About this task: Skip any image you find and restate the rest of the data word for word.

Dataset excerpt:
------------------------------------------------

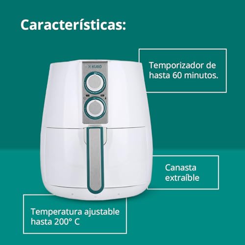 Kubo Friggitrice senza olio da 2,5 litri, friggitrice ad aria, 1500 W, temperatura regolabile, timer, bianca, 17,8 x 23,4 x 24,8 cm
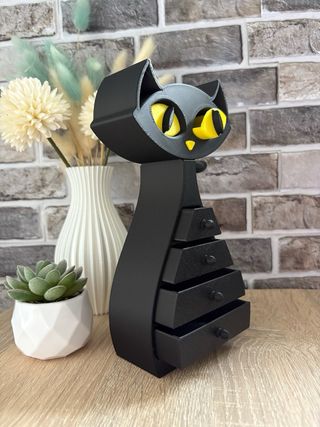 Original joyero con forma de gato negro, ideal para organizar tus accesorios. Fabricado en impresion 3d, se puede hacer en otros colores tambien. - Diseño estilizado de gato. - Cuerpo con varios cajones. - Detalles en color amarillo en ojos y nariz.
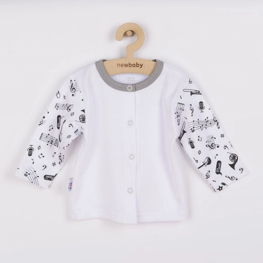 Jacheta NEW BABY Music combină un design simplu, într-o singură culoare, cu mâneci drăguțe imprimate cu note și instrumente muzicale. Datorită tricotului de bumbac de calitate, este respirabilă, moale și plăcută la atingere, asigurând bebelușului confort maxim pe tot parcursul zilei.

------------------------------------------------

Answer to the exercise:
 Kubo Friggitrice senza olio da 2,5 litri, friggitrice ad aria, 1500 W, temperatura regolabile, timer, bianca, 17,8 x 23,4 x 24,8 cm
 Original joyero con forma de gato negro, ideal para organizar tus accesorios. Fabricado en impresion 3d, se puede hacer en otros colores tambien. - Diseño estilizado de gato. - Cuerpo con varios cajones. - Detalles en color amarillo en ojos y nariz.
 Jacheta NEW BABY Music combină un design simplu, într-o singură culoare, cu mâneci drăguțe imprimate cu note și instrumente muzicale. Datorită tricotului de bumbac de calitate, este respirabilă, moale și plăcută la atingere, asigurând bebelușului confort maxim pe tot parcursul zilei.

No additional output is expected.